◆ **Given data**:
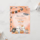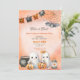 Invitación de Halloween de fantasma lindo en naranja, negro y blanco .
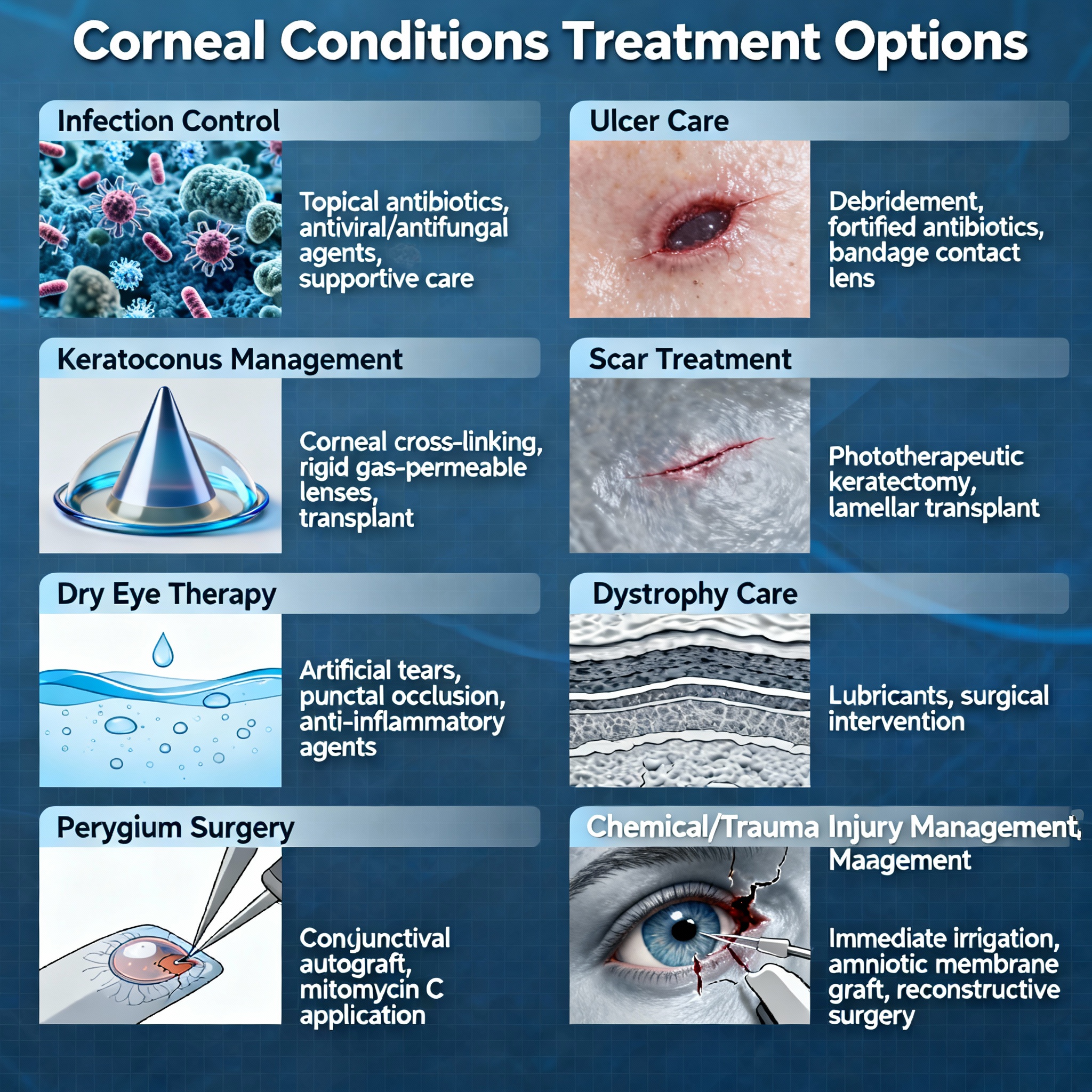 Chemical or Trauma Injuries: Immediate management of burns, physical injuries, or other acute corneal damage to prevent permanent vision loss.
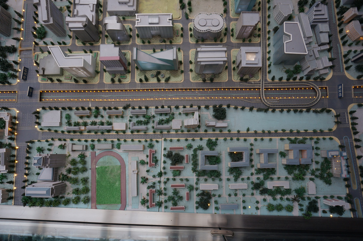 燕园校区及周边建筑的部分区域展览模型 在回顾历史后,我们更加关注的是现在和未来。在三层展厅中央的北京城市规划模型及周边遥感影像图为底图的地面上,同学们沿着四环路一路走到了杏吧原创
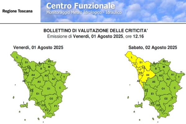Dal mattino di sabato 2 agosto è atteso un aumento delle condizioni di instabilità sulla Toscana nord-occidentale, comprese Livorno e Gorgona, con possibilità di precipitazioni sparse temporalesche, che potranno risultare localmente persistenti.
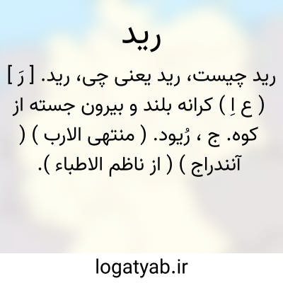 رید. [ رَ ] ( ع اِ ) کرانه بلند و بیرون جسته از کوه. ج، رُیود. ( منتهی الارب ) ( آنندراج ) ( از ناظم الاطباء ). تندی که از کوه بیرون خاسته بود. ج، اَریاد، ریود. ( مهذب الاسماء ).
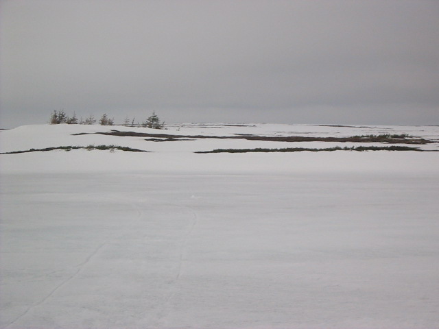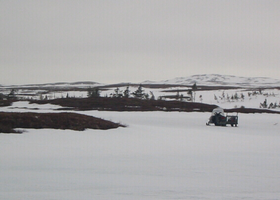 7. We offloaded the sleds on the side of the Cape Shore Highway and headed North West across country to Green Island Pond. As Winter was coming to a close the hill tops were bare, but there was still plenty of snow around so travelling was trouble free.
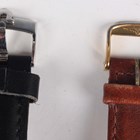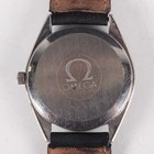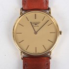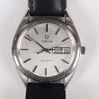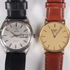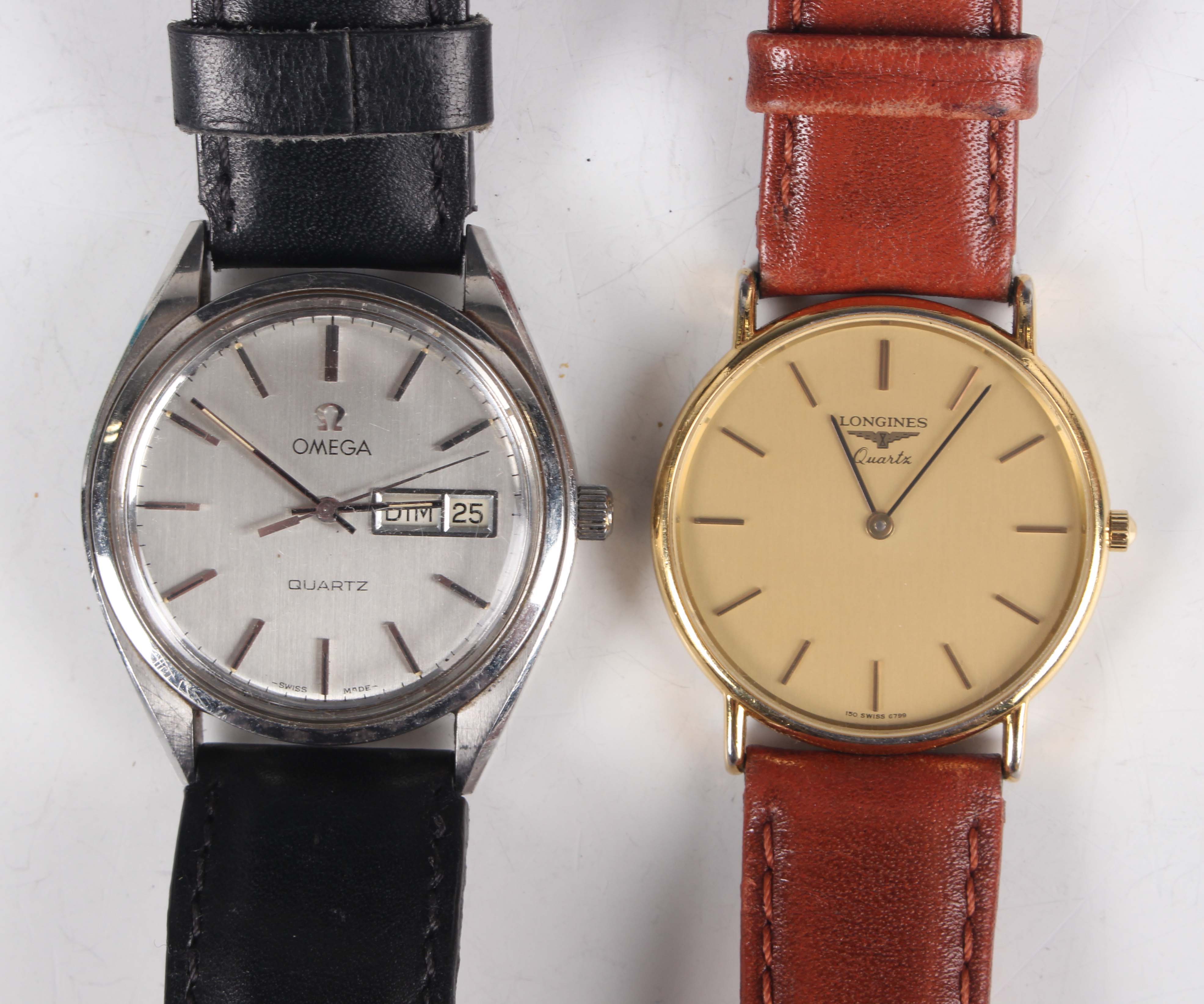 A Longines Quartz gilt metal fronted and steel backed gentleman's wristwatch with signed gilt dial, case diameter 3.2cm, on a brown leather strap, together with an Omega Quartz stainless steel cased gentleman's wristwatch, Ref. 196 0124, circa 1976, the signed and jewelled 1345 caliber movement numbered '40687116', the signed silvered dial with baton hour markers and day and date apertures, case width 3.5cm, on a black leather strap.
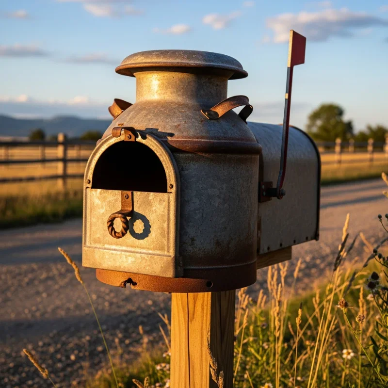 Give new life to an old milk can by converting it into a one-of-a-kind mailbox that oozes nostalgia! These sturdy metal containers are perfect for mailbox conversion because they're weatherproof and spacious. Start by cleaning the can thoroughly and checking for rust spots that need treatment. Cut a rectangular slot in the front for mail insertion, ensuring smooth edges to protect mail and hands. The original lid becomes your access door, maintaining the authentic vintage look. Paint it in classic milk can silver or go bold with bright colors that complement your home. Add vinyl lettering with your address or family name for easy identification. Mount it on a wooden post wrapped in rope for that complete farmhouse aesthetic. The height of milk cans makes them perfect for curbside placement without bending. This conversation starter combines function with a piece of American history!

◆ **Task requirements**:
Each line from the one containing "A Longines Quartz" through the last line above should be retyped exactly, and no other line. Any picture is to be left out.

◆ **Exercise result**:
 A Longines Quartz gilt metal fronted and steel backed gentleman's wristwatch with signed gilt dial, case diameter 3.2cm, on a brown leather strap, together with an Omega Quartz stainless steel cased gentleman's wristwatch, Ref. 196 0124, circa 1976, the signed and jewelled 1345 caliber movement numbered '40687116', the signed silvered dial with baton hour markers and day and date apertures, case width 3.5cm, on a black leather strap.
 Give new life to an old milk can by converting it into a one-of-a-kind mailbox that oozes nostalgia! These sturdy metal containers are perfect for mailbox conversion because they're weatherproof and spacious. Start by cleaning the can thoroughly and checking for rust spots that need treatment. Cut a rectangular slot in the front for mail insertion, ensuring smooth edges to protect mail and hands. The original lid becomes your access door, maintaining the authentic vintage look. Paint it in classic milk can silver or go bold with bright colors that complement your home. Add vinyl lettering with your address or family name for easy identification. Mount it on a wooden post wrapped in rope for that complete farmhouse aesthetic. The height of milk cans makes them perfect for curbside placement without bending. This conversation starter combines function with a piece of American history!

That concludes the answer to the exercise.